1. An external bypass valve structure of a dynamic differential pressure balance valve comprises a main conveying pipe, a secondary conveying pipe, a first dynamic differential pressure balance valve and a second dynamic differential pressure balance valve, and is characterized in that the inlet end and the outlet end of the secondary conveying pipe are respectively communicated and connected with the inlet end and the outlet end of the main conveying pipe; the first dynamic differential pressure balance valve and the second dynamic differential pressure balance valve are respectively connected in series on the main conveying pipe and the secondary conveying pipe through port flange pieces; a first inlet end pressure sensor and a first outlet end pressure sensor are respectively arranged at the inlet and outlet ports of the first dynamic differential pressure balance valve, the first inlet end pressure sensor and the first outlet end pressure sensor are fixedly arranged on the main conveying pipe through an installation hole position on the main conveying pipe, and the detection ends of the first inlet end pressure sensor and the first outlet end pressure sensor are both positioned in the main conveying pipe; the main conveying pipe is also provided with a main conveying pipe inlet manual three-way valve and a main conveying pipe outlet manual valve in series connection through a port flange piece, wherein the first inlet pressure sensor, the first outlet pressure sensor and the first dynamic differential pressure balance valve are all positioned between the main conveying pipe inlet manual three-way valve and the main conveying pipe outlet manual valve;

a second inlet pressure sensor and a second outlet pressure sensor are respectively arranged at the inlet and outlet ports of the second dynamic differential pressure balance valve, the second inlet pressure sensor and the second outlet pressure sensor are fixedly arranged on the secondary conveying pipe through mounting hole positions on the secondary conveying pipe, and the detection ends of the second inlet pressure sensor and the second outlet pressure sensor are both positioned in the secondary conveying pipe; and the secondary conveying pipe is also provided with a secondary conveying pipe inlet manual valve and a secondary conveying pipe outlet manual valve in series connection through a port flange piece, wherein the second inlet pressure sensor, the second outlet pressure sensor and the second dynamic differential pressure balance valve are all positioned between the secondary conveying pipe inlet manual valve and the secondary conveying pipe outlet manual valve.

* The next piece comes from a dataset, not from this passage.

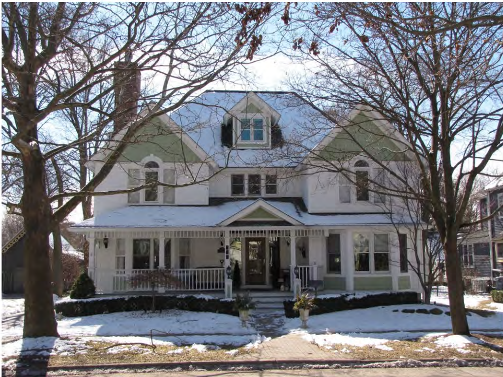
Dunlap West 537_Looking South

2. The externally-connected bypass valve structure of claim 1, wherein the first dynamic differential pressure balancing valve and the second dynamic differential pressure balancing valve have the same structural specifications.

3. The external bypass valve structure of the dynamic differential pressure balance valve as claimed in claim 1, wherein the manual valve at the outlet end of the main delivery pipe, the manual valve at the inlet end of the secondary delivery pipe and the manual valve at the outlet end of the secondary delivery pipe are all two-way valves.

4. The external bypass valve structure of dynamic differential pressure balance valve according to claim 1, wherein the main delivery pipe and the secondary delivery pipe are both in a hose structure.